- AIM OF THE TASK
Using the entries below, copy exactly each line from the line with "جانب من توقيع مذكرتي التعاون بحضور اشتية." up to and including the line with "Радость взрослые и дети (детский сад № 70)", with every picture left out.

- RECORDS FOR THE EXERCISE
******
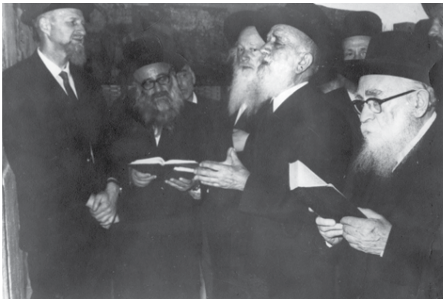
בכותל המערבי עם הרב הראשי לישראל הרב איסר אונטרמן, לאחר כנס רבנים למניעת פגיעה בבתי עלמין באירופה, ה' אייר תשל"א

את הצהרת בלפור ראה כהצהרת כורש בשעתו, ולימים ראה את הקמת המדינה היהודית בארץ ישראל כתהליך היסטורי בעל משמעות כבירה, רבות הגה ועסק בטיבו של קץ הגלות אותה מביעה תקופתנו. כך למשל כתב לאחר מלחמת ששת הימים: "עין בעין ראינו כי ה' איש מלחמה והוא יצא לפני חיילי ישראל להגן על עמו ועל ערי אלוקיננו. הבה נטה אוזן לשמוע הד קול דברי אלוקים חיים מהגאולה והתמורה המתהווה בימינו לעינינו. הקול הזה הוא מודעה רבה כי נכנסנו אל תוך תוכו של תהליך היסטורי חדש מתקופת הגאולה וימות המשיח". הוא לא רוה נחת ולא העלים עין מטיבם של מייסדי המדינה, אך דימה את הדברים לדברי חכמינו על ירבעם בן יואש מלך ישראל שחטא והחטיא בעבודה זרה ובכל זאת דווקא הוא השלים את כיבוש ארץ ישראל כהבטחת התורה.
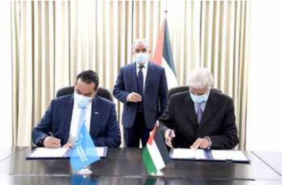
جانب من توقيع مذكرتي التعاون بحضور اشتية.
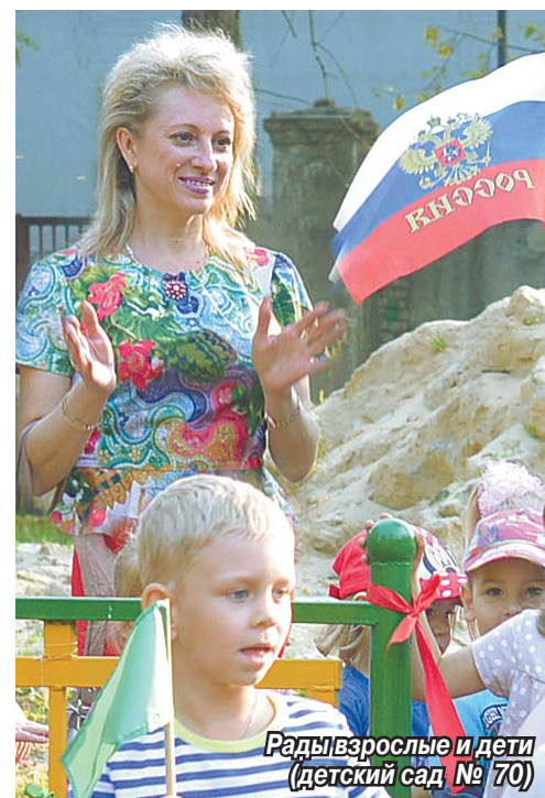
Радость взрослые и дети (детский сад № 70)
******
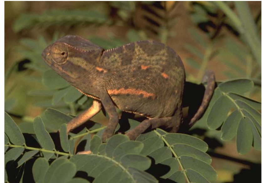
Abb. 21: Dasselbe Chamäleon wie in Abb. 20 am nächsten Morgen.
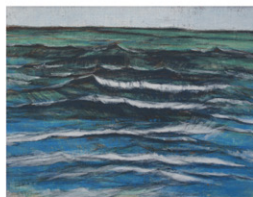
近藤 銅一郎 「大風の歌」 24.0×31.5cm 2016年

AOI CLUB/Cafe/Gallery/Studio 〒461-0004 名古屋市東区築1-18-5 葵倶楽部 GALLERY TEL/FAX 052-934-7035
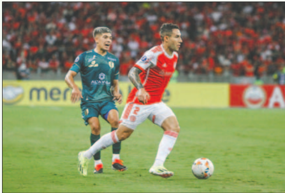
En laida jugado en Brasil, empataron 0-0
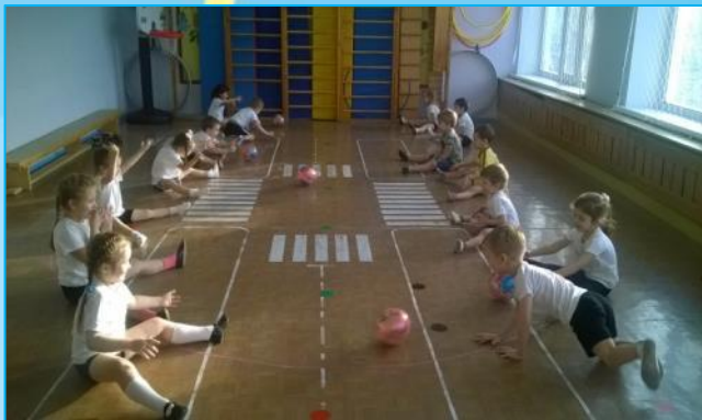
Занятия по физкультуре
******
- FINAL ANSWER
جانب من توقيع مذكرتي التعاون بحضور اشتية.
Радость взрослые и дети (детский сад № 70)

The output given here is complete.